Protection against condensation
With liquid-cooled units, warm air can condense on the cold surfaces of heat sinks, pipes and hoses. This condensation depends on the air humidity and the temperature difference between the ambient air and the coolant.
The water which is produced as a result of condensation can cause corrosion as well as electrical damage such as creepage shorts and flashovers. As the SINAMICS units cannot prevent condensation if it is caused by the prevailing climatic conditions, any potential risk of condensation must be prevented by appropriate engineering or by precautionary measures implemented by the customer. These measures include the following:
- a fixed coolant temperature that has been adjusted to the expected air humidity or ambient temperature ensures that critical differences between the coolant and ambient air temperatures do not develop or
- temperature regulation of the coolant as a function of the ambient air temperature
The temperature at which water vapor contained in the air condenses into water is known as the dew point. In order to reliably prevent condensation, the coolant temperature must always be higher than the dew point.

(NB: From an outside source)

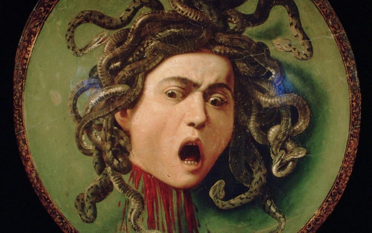 Η Μέδουσα ήταν μια από τις τρεις γοργόνες, τερατόμορφο πλάσμα με τα φίδια για μαλλιά, που μπορούσε να μεταμορφώσει σε πέτρα οτιδήποτε κοίταζε. Ήταν ανίκητη, μέχρι που ο Περσέας με τα τεχνάσματά του κατάφερε να τη σκοτώσει χρησιμοποιώντας έναν καθρέφτη και μετά δώρισε το κεφάλι της στην Αθηνά. Ο πίνακας του Caravaggio παίρνει τη μορφή ασπίδας και η Μέδουσα παρουσιάζεται στιγμιαία ζωντανή και τρομαγμένη.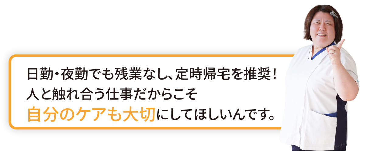 当施設では職種によっては、日勤・夜勤だけ、週2,3〜の短時間だけなど、働き方を選ぶことができます。自分の生活に合わせて働くことができます。

The table below specifies the dew point as a function of room temperature T and relative air humidity Φ for an atmospheric pressure of 100 kPa (1 bar). This corresponds to an installation altitude of 0 to approximately 500 m above sea level. Since the dew point drops as the air pressure decreases, the dew point values at higher installation altitudes are lower than the specified table values. It is therefore the safest approach to engineer the coolant temperature according to the table values for an installation altitude of zero.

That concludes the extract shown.